You can add to the default typefaces by choosing fonts from Google’s Web Fonts
 

Google Drive uses bespoke file formats, but conversion to and from their Microsoft equivalents is largely transparent, with an option to translate them when you upload them to the server. At the other end of the process, you can download them in Microsoft, OpenDocument and app-agnostic formats such as RTF and CSV. Google’s own synchronisation tool is underwhelming in this area, storing links to your online files, rather than the files themselves on your PC; double-click one to open it in the browser.

If you want to keep real copies of your work on your machine, third-party Insync plugs the gap, copying your files to your local drive and converting them to Microsoft formats in the process. Any local edits you make are then copied back to the server and converted in the opposite direction to Google formats.

Collaboration is perhaps Google Drive’s biggest triumph. It allows you to share documents with read-only or editing rights; opt for the latter and multiple collaborators can open them simultaneously, with amendments highlighted in different colours for each editor.

It’s tooled up for collecting data from third parties, too, even if they’re not in your workgroup. The Form tool lets you quickly knock up a web form, the results of which are fed directly into a Google Spreadsheet, ready for analysis. Excel Survey does the same in the Microsoft Web Apps.

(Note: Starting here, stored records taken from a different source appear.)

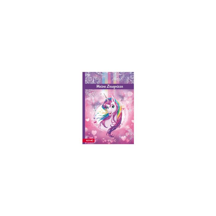 ROTH Zeugnismappe "Einhornportrait", mit Design und Effekt Format: DIN A4, inkl. 10 PP-Hüllen, mit Glittereffetk, wattiertes Cover, Aufdruck: Meine Zeugnisse (89325)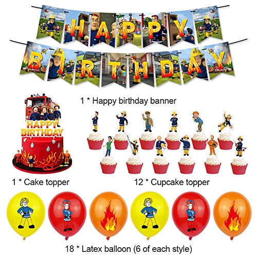 VMOTA Palloncini Pompiere 32 PCS Decorazioni Feste Compleanno Firemen Sam Feste di Compleanno Sam Il Pompiere Cake Topper Striscione di Compleanno Palloncini per Bambini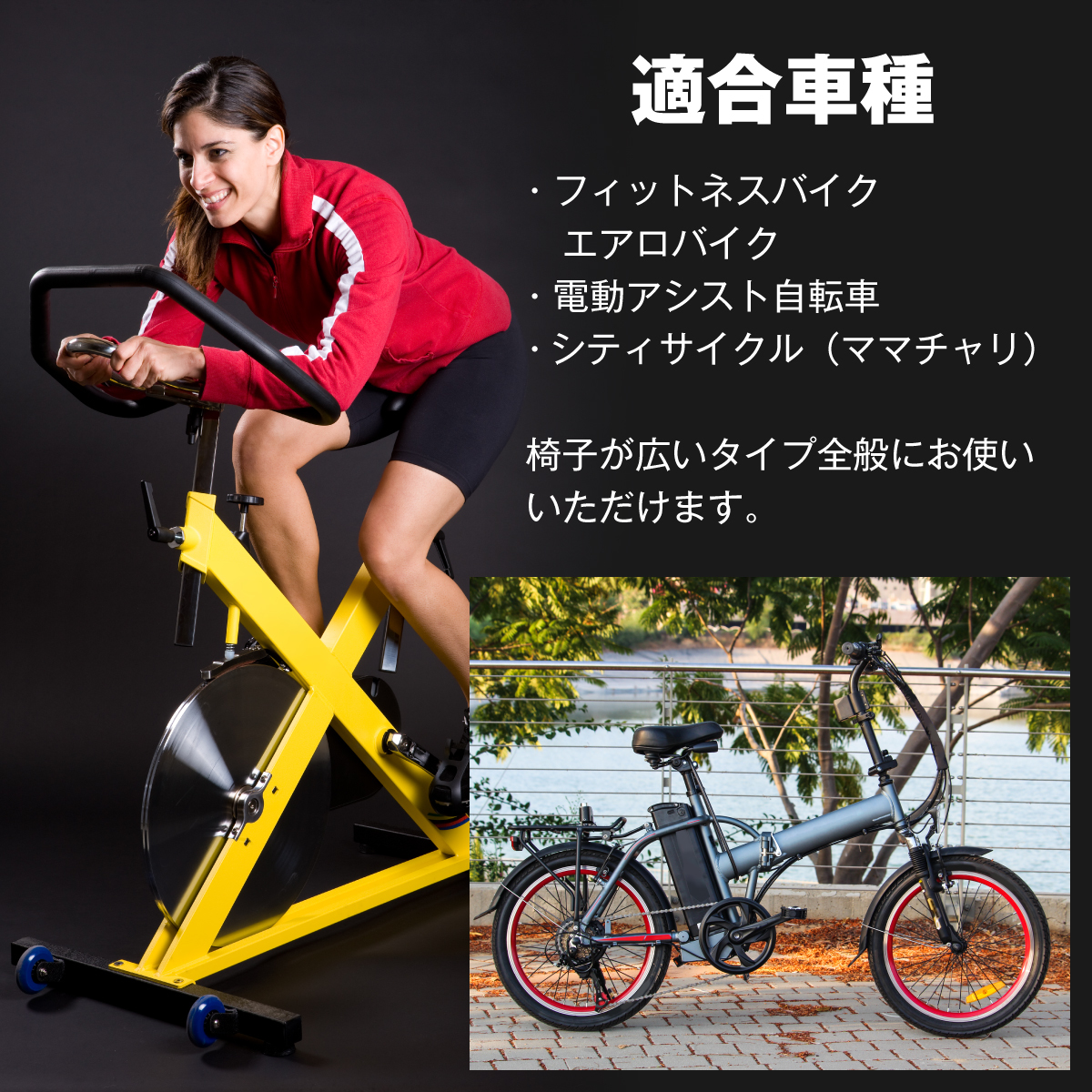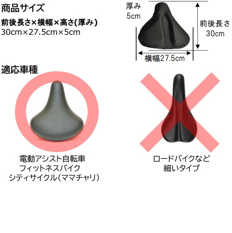 ・一般的なシティサイクルの他、フィットネスバイク・エアロバイク・電動アシスト付き自転車など幅広タイプのサドル用です。

There are no Windows or Mac applications that feed their data directly into your Drive files, but the Google Drive mobile app can open and edit these files. It’s free on Android, iPad and iPhone.

Making the leap

Google Drive is superb value, both in terms of money and time – it’s free to use and easy to get to grips with. Microsoft Office old-timers should have no trouble making the switch, while the unthreatening interface is a great starting point for anyone new to the cloud.

If you don’t need a database and rarely use the more heavyweight features of Office, it’s a serious alternative for undemanding users – as long as you’re always connected to the internet.